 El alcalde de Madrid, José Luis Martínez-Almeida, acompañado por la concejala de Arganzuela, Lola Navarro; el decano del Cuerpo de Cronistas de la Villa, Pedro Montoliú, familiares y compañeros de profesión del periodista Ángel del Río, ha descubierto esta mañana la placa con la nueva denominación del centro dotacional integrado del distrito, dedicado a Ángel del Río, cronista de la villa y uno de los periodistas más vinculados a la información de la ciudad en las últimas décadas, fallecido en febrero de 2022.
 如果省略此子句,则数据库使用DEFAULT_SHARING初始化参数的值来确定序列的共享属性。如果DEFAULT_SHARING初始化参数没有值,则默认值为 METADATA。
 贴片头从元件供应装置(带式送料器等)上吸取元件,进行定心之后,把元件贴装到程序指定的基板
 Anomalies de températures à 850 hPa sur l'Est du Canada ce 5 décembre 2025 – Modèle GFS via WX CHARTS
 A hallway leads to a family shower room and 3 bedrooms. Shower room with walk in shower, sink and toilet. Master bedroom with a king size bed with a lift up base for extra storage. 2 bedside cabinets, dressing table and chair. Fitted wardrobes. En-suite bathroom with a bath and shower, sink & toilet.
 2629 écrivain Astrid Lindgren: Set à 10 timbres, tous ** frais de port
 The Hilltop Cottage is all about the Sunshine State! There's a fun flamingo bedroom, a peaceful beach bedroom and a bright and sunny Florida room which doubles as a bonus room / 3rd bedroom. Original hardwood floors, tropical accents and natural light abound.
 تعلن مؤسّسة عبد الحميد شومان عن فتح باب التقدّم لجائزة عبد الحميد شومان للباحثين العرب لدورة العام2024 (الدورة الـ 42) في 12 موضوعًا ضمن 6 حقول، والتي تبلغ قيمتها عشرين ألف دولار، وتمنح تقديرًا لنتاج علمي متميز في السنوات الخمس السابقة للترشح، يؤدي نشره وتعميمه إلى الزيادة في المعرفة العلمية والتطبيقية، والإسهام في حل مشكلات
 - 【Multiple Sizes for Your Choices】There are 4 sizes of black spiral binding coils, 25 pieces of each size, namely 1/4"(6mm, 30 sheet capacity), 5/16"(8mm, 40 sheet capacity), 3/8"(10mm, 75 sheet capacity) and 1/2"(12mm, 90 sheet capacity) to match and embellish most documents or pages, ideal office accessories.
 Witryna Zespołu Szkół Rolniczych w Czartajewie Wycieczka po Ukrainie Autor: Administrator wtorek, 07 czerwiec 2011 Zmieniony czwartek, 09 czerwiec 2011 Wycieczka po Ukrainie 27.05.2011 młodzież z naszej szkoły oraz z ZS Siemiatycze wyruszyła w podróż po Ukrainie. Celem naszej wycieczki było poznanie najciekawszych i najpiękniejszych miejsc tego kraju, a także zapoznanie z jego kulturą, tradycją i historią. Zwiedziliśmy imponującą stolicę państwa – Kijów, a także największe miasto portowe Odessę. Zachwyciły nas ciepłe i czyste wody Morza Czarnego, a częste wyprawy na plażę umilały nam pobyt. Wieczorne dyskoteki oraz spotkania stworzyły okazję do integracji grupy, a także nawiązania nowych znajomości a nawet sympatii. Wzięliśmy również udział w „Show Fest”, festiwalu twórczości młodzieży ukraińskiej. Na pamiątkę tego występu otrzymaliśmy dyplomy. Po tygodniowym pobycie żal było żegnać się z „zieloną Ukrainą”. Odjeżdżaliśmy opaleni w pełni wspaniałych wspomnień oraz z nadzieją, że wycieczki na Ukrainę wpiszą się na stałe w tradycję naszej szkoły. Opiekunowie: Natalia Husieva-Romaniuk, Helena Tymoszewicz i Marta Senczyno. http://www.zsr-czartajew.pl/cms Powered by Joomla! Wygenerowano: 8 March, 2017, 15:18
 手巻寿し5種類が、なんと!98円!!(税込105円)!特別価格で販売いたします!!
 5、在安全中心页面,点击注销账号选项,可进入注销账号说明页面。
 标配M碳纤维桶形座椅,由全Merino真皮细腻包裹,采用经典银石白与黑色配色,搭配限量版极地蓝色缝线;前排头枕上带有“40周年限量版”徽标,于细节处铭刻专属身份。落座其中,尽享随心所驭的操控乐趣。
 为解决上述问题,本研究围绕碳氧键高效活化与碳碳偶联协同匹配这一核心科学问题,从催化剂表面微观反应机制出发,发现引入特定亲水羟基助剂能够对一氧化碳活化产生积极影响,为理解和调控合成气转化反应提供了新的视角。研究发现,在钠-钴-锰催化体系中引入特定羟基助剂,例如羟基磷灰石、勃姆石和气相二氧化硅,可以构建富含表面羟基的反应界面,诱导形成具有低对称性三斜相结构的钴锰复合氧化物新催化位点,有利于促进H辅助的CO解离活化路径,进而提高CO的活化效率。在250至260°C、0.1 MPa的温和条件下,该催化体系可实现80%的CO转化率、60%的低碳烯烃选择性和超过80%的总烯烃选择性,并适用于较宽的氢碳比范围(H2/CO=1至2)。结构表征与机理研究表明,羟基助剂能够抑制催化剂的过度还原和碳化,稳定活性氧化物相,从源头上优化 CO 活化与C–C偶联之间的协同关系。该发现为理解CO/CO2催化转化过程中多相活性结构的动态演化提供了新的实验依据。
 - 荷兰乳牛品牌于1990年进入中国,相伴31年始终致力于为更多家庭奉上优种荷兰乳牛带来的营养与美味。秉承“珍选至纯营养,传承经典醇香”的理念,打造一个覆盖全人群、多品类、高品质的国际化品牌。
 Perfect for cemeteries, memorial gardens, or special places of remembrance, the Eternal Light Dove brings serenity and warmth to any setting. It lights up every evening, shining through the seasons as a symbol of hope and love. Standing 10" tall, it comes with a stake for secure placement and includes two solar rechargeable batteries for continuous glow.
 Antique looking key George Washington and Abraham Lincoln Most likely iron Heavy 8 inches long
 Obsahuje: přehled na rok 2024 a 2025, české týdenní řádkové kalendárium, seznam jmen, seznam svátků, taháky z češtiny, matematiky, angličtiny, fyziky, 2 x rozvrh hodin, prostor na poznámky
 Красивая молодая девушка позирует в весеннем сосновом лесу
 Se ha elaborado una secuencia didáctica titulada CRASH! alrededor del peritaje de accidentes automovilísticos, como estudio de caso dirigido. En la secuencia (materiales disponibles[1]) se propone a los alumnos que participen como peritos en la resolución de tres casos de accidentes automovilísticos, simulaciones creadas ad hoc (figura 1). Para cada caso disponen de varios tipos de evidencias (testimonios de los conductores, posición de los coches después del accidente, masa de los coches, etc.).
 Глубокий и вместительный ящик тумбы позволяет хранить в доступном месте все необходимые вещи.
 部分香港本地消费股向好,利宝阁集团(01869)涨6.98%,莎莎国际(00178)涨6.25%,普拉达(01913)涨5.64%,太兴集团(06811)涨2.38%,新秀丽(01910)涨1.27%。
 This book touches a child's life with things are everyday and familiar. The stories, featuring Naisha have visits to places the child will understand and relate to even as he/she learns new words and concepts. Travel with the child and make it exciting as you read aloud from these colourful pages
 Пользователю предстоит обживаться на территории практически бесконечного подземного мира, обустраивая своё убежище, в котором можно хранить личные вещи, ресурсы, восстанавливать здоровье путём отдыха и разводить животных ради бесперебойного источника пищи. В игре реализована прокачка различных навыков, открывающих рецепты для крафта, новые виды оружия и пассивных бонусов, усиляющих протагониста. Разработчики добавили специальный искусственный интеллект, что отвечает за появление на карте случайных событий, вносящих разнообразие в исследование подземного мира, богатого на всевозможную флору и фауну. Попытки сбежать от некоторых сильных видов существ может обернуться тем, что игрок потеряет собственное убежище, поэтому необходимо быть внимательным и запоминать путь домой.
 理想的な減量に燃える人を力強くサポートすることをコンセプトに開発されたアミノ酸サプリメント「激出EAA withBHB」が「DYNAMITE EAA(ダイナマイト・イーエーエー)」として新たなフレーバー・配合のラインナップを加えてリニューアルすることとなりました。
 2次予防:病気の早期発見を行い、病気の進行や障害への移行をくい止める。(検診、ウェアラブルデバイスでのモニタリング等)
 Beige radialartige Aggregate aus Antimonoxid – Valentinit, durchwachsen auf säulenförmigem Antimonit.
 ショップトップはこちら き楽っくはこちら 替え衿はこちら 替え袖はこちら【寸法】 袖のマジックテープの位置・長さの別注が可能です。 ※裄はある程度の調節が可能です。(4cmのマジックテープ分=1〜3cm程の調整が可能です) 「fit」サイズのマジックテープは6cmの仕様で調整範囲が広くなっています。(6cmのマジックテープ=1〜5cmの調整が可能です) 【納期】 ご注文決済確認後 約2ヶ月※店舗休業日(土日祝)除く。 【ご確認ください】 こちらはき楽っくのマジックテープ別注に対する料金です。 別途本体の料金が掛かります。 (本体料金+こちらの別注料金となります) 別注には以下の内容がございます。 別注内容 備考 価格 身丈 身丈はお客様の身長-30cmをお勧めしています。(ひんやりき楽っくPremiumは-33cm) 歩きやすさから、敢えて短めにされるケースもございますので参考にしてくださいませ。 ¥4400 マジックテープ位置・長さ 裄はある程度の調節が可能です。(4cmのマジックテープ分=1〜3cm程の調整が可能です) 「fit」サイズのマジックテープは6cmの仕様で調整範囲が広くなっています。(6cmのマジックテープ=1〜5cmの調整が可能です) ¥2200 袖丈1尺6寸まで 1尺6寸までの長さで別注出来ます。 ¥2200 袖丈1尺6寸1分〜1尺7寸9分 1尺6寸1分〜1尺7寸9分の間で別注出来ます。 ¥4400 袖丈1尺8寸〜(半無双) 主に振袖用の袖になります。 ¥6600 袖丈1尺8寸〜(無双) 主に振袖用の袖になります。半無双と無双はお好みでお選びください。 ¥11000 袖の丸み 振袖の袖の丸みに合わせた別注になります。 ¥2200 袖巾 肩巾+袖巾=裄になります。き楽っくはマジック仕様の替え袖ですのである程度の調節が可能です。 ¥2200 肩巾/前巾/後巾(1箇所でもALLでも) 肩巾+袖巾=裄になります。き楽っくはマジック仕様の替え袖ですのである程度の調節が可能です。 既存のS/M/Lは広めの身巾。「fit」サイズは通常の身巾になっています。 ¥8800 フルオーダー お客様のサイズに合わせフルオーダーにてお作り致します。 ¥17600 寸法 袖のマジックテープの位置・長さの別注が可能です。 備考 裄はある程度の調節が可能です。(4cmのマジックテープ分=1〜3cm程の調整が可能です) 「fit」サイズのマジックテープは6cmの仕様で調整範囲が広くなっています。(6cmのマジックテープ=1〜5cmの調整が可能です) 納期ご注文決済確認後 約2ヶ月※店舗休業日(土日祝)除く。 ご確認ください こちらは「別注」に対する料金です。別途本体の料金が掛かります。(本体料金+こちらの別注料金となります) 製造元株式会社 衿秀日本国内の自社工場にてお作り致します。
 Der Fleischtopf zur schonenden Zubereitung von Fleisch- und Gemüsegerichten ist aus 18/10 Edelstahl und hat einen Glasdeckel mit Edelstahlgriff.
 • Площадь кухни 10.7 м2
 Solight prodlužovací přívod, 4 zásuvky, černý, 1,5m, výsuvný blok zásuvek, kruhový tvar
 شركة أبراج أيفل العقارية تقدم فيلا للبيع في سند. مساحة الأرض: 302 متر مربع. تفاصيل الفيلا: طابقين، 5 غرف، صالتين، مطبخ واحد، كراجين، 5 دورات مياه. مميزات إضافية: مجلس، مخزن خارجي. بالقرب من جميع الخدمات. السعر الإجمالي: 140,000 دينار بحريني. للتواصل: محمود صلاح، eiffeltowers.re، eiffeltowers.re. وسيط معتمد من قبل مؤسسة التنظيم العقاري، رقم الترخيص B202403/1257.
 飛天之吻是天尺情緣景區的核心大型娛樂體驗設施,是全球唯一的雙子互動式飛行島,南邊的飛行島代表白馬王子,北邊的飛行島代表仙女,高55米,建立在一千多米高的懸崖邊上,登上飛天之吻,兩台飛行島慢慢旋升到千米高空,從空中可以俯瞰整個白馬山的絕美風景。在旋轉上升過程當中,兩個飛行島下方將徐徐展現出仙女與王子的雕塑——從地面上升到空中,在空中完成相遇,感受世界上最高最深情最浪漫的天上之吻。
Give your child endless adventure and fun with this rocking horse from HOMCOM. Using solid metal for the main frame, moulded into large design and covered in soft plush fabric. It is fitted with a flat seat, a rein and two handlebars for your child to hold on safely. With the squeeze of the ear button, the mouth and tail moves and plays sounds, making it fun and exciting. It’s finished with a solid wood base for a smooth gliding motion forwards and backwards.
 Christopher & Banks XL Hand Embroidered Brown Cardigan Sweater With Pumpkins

--- What to do ---
Report the lines above that contain "There".

--- Response area ---
 The Hilltop Cottage is all about the Sunshine State! There's a fun flamingo bedroom, a peaceful beach bedroom and a bright and sunny Florida room which doubles as a bonus room / 3rd bedroom. Original hardwood floors, tropical accents and natural light abound.
 - 【Multiple Sizes for Your Choices】There are 4 sizes of black spiral binding coils, 25 pieces of each size, namely 1/4"(6mm, 30 sheet capacity), 5/16"(8mm, 40 sheet capacity), 3/8"(10mm, 75 sheet capacity) and 1/2"(12mm, 90 sheet capacity) to match and embellish most documents or pages, ideal office accessories.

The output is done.